話せなかった経験を今 青年団体と東北の交流15年

宮城県石巻市の遠藤孝一さん(66)と、和歌山市の青年団体の有志は長年にわたり交流を重ねてきた。和歌山のメンバーは震災後、毎年、年の瀬に石巻と仙台市に有田みかんを届け、現地で「運動会」を開く。中心メンバーの高垣晴夫さん(63)は「笑顔が戻り、みんな少しずつ元気になってきた。将来被災するかもしれないまちのために、15年がたった今、やっとつらい体験を話せるようになってきた」と話す。
東北と交流するのは、和歌山市青年団体協議会(上山哲平会長)のメンバーら。

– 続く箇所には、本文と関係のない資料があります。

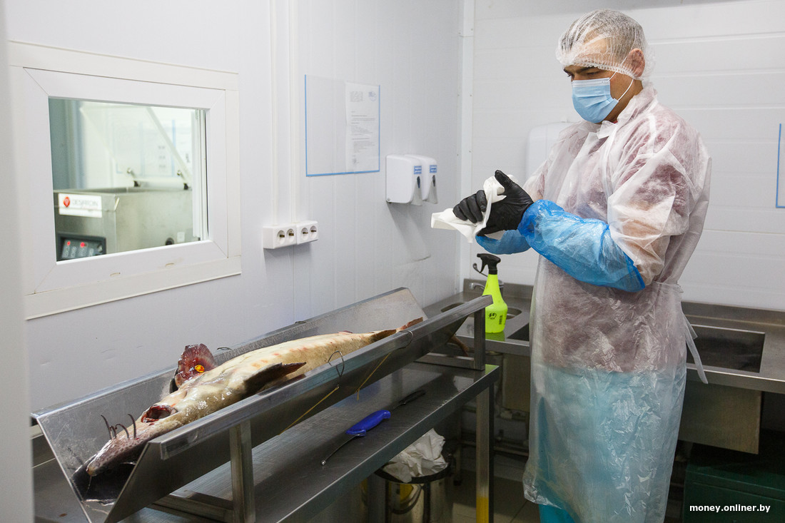 Чтобы дождаться икры от самки осетра, надо запастись терпением лет на семь-десять. Хорошим «урожаем» будет 10% икры от веса рыбы. Средний вес осетра — от 8 до 10 кило (но бывают и гиганты под 17!). То есть с одной рыбы можно получить килограмм черной икры. Здешних осетров выращивают за рубежом, а потом, когда рыба уже подросла, доставляют в Фаниполь. В Беларуси она проведет свои последние два-три месяца — пока не наберет нужную форму.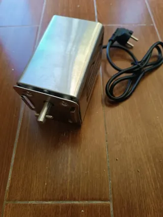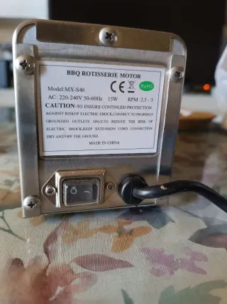 Motor eléctrico para barbacoas, ideal para asar carnes y pollos. - Carcasa de metal. - Eje de acero inoxidable. - Incluye cable de alimentación.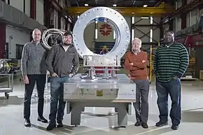 Mu2e, or the Muon-to-Electron Conversion Experiment, is a particle physics experiment at Fermilab in the US.[1] The goal of the experiment is to identify physics beyond the Standard Model, namely, the conversion of muons to electrons without the emission of neutrinos, which occurs in a number of theoretical models.[2][3] Former project co-spokesperson Jim Miller likens this process to neutrino oscillation, but for charged leptons.[4] The rate for this process in the Standard Model of particle physics is unobservably small, so any observation of this process would constitute a major discovery and indicate new physics beyond the standard model.[2] The experiment will be 10,000 times more sensitive than previous muon to electron conversion experiments, and probe effective energy scales up to 10,000 TeV.[2]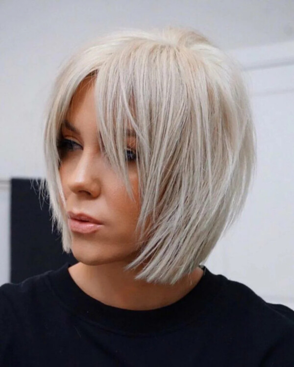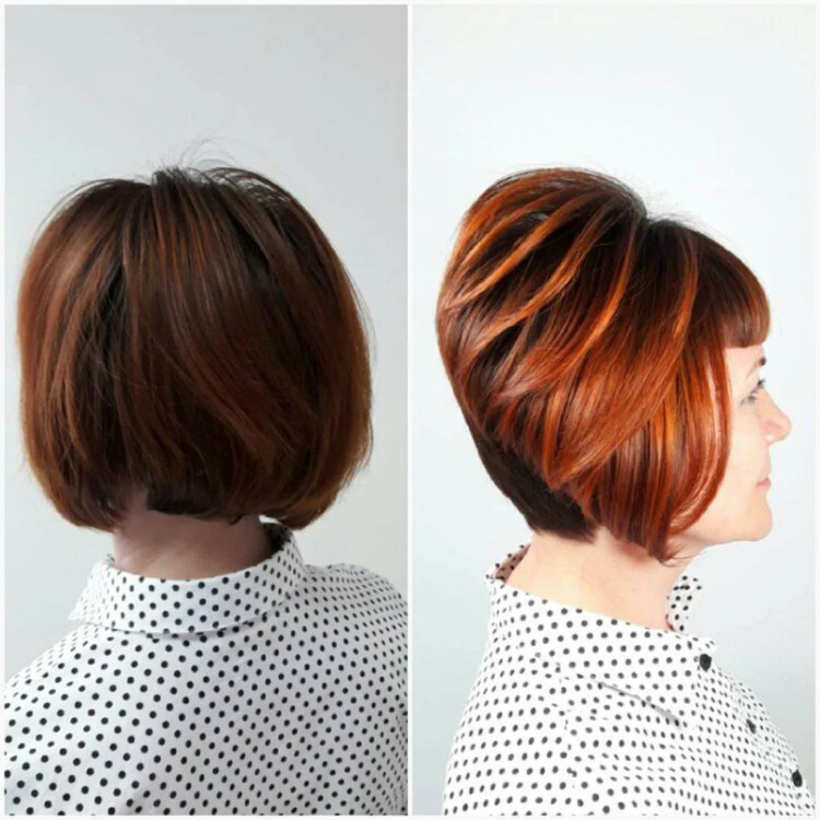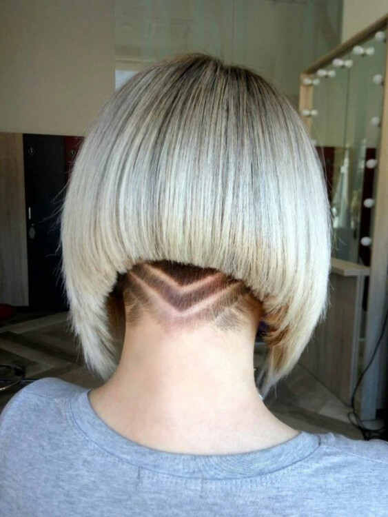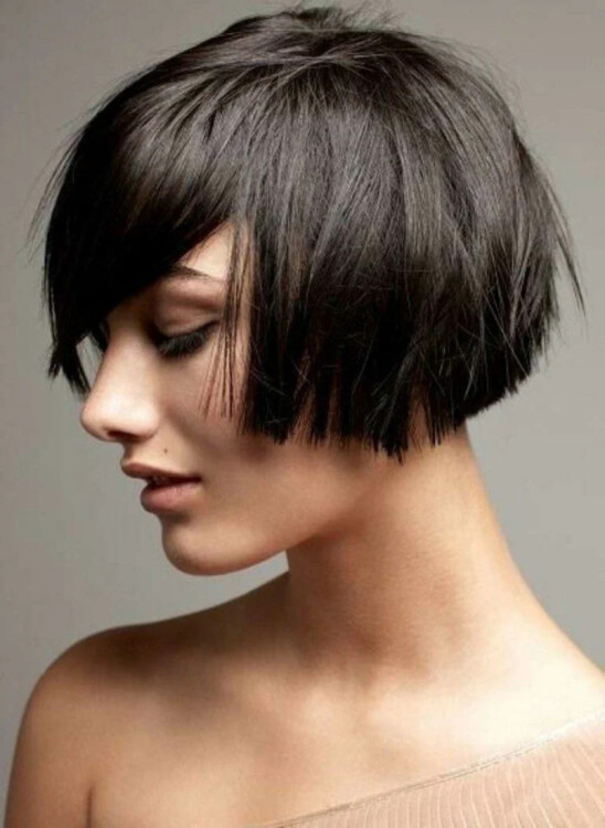 Лідер серед стрижок на коротке волосся. У ній присутні короткі пасма в потиличній частині, які плавно переходять в більш довгі. При бажанні акцентувати увагу саме на стрижці, зріз рекомендується зробити рівним. Він додасть вашому образу цікаві нотки.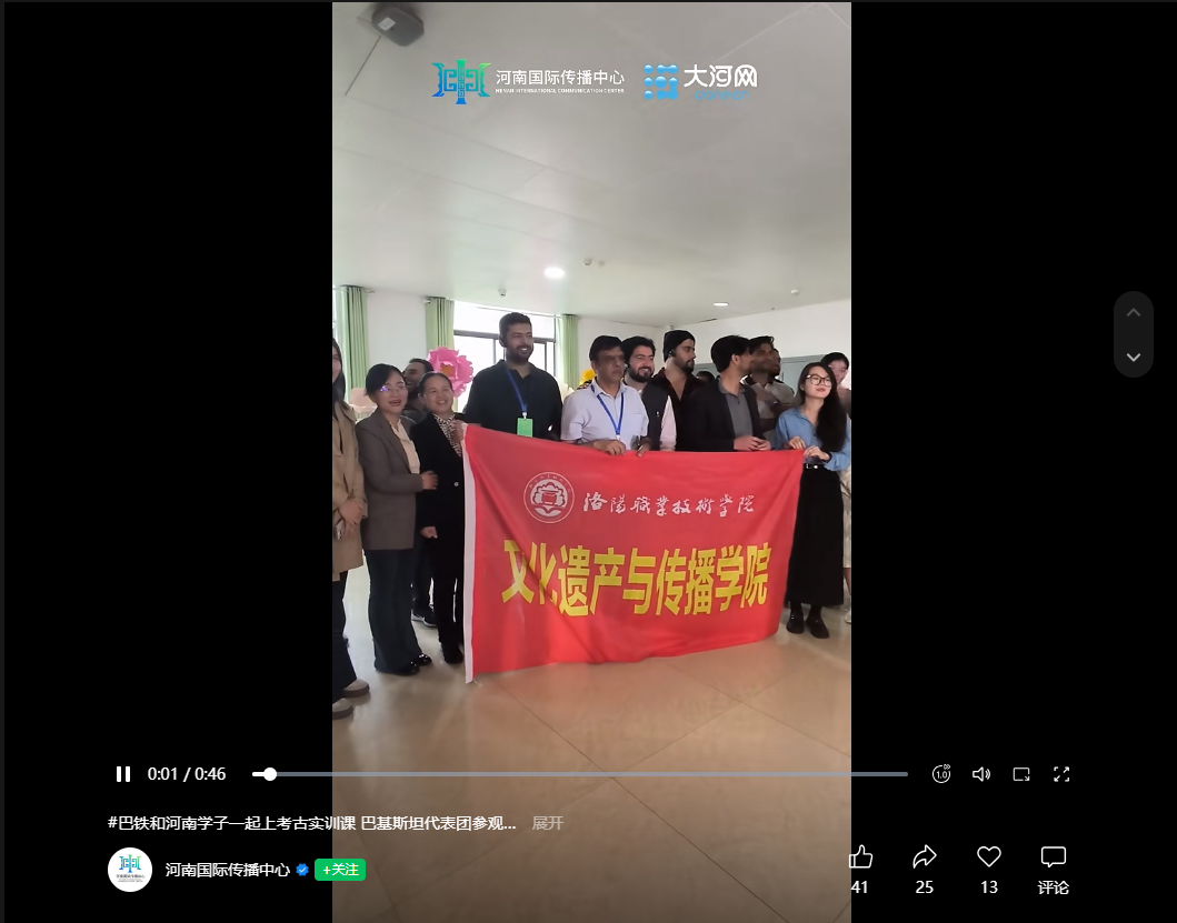 河南国际传播中心视频号:巴基斯坦代表团参观洛阳高校,和同学们一起上考古实训课!在亲自学习并应用传统考古手段和现代考古技术后,他们对中国的考古教育有了哪些新认识?戳视频,一起看!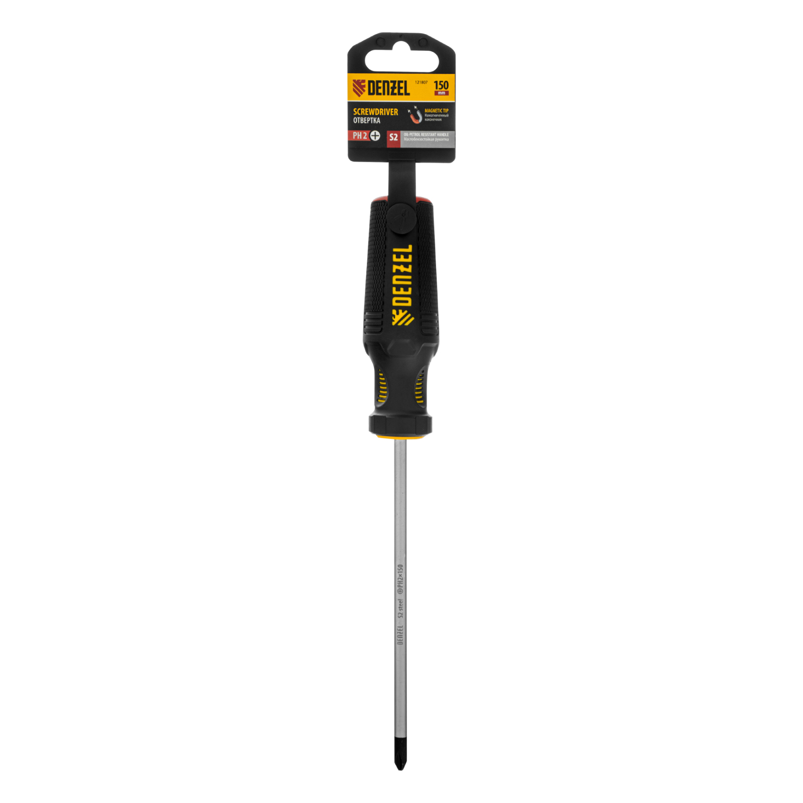 Отвертка Denzel 121807 с трехкомпонентной рукояткой, со стержнем из стали S2, длиной 150 мм, предназначена для закручивания и откручивания резьбового крепежа типа PH2. Высокоточный намагниченный шлиц избавляет мастера от необходимости придерживать винт или саморез рукой. Отвертка рекомендована для профессионального использования.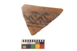 | Description / विवरण | Specimen of black on red ware with black decorative Lattice design geometric painting. |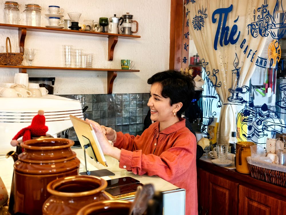 9月18日,烏魯木齊市“一個(gè)咖啡店”老板耐菲絲·地力夏提在為顧客點(diǎn)單。新華社記者 賀小童 攝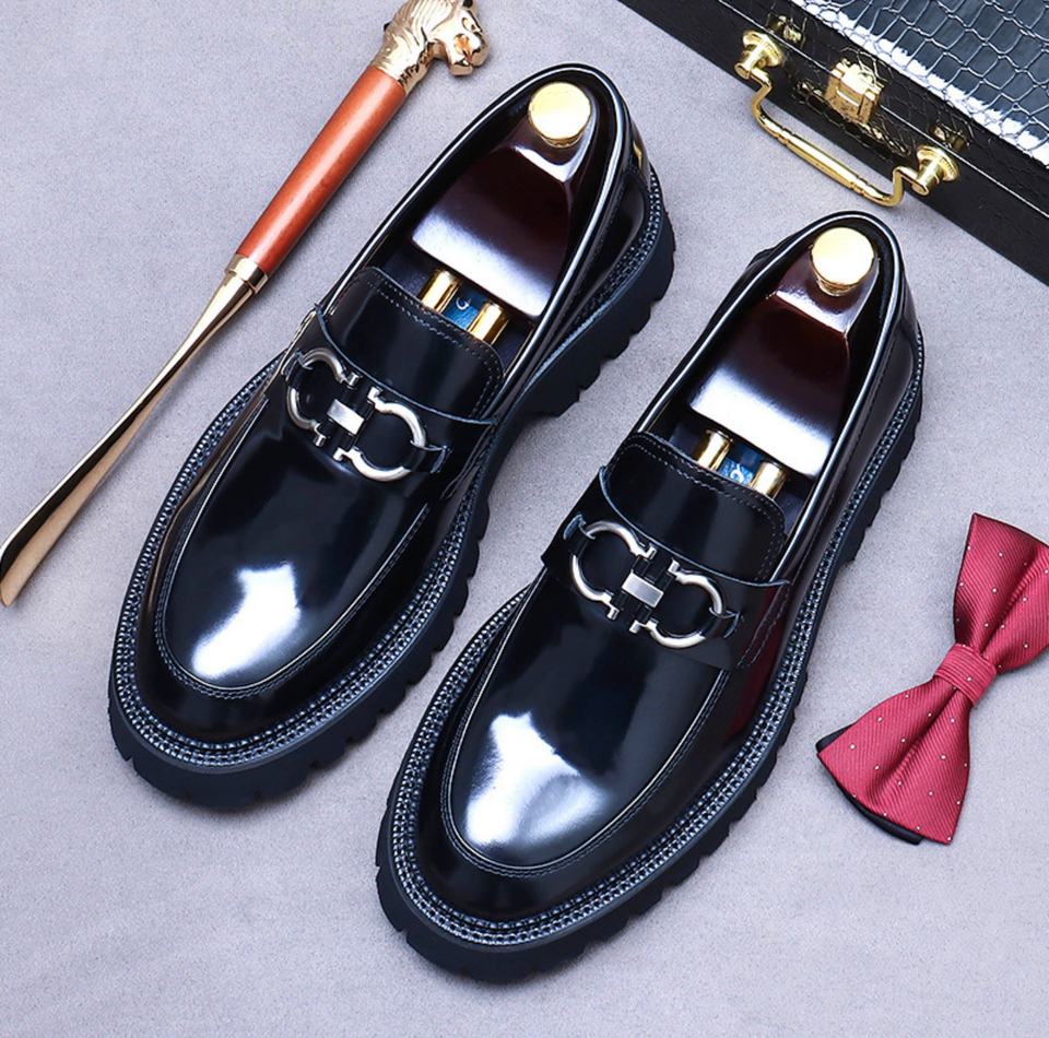 รองเท้าโลฟเฟอร์หนังแท้สำหรับผู้ชาย กันน้ำ กันลื่น น้ำหนักเบา ลายดอกไม้สีเขียวอมฟ้า เหมาะสำหรับใส่ทำงานหรือโอกาสทางการ แบบสวม ปิดนิ้วเท้า

きっかけは2011年12月、以前から高垣さんと更生保護活動でつながりのあった遠藤さんにストーブを届けたこと。震災後、遠藤さんと連絡が取れなくなり、心配していたがテレビのニュース映像で遠藤さんが映ったことで、避難所に問い合わせ、6月ごろに無事が確認できた。
以来、毎年年末にはメンバー数人が東北へ出向き「食べて、動いて、参加して」をモットーにした「みかん狩り運動会」を開いている。景品はミカン。手でむき、その場ですぐに味わうことができ、喜ばれている。
「和歌山のミカンは人を励まし、笑顔にする。ミカンが持っているパワーを感じた」と高垣さん。運動会は「遠くの親戚に会いに行く」恒例の行事になっている。
購入したものや農家からの寄贈を含め、昨年末に贈ったのは1・3㌧。メンバーの子どもの小学生2人を含む7人が東北へ向かい、両市での「運動会」には計約190人が参加した。遠藤さんは「毎年、石巻の人たちは有田みかんを楽しみにしている。寒い冬も、頑張って乗り切ろうという気持ちになる」と感謝する。
南海トラフを震源とする巨大地震の発生が懸念されている和歌山でも、津波防災を啓発しようと、メンバーは2017年、和歌山市の片男波海水浴場に、予想される津波の高さを示す看板を設置した。また同団体の仲介により、稲むらの火の館(広川町)が石巻市の旧大川小学校にサルスベリの木を寄贈・植樹するなど、次の世代につなぐ試みも行われている。
重いはずの口を開き、被災体験を話した遠藤さんは「これまでに頂いたご恩へ感謝の気持ちを込めて、いま伝えておかないと、と思った」と話す。
高垣さんは「いずれ、われわれも助けてもらうことになるかもしれない。大切なのは人と人との交流。つらく悲しい体験を話すことで、少しでも楽になったり、自身の励みになったり、乗り越えられる部分もあるのではと新しい力を感じる」と話している。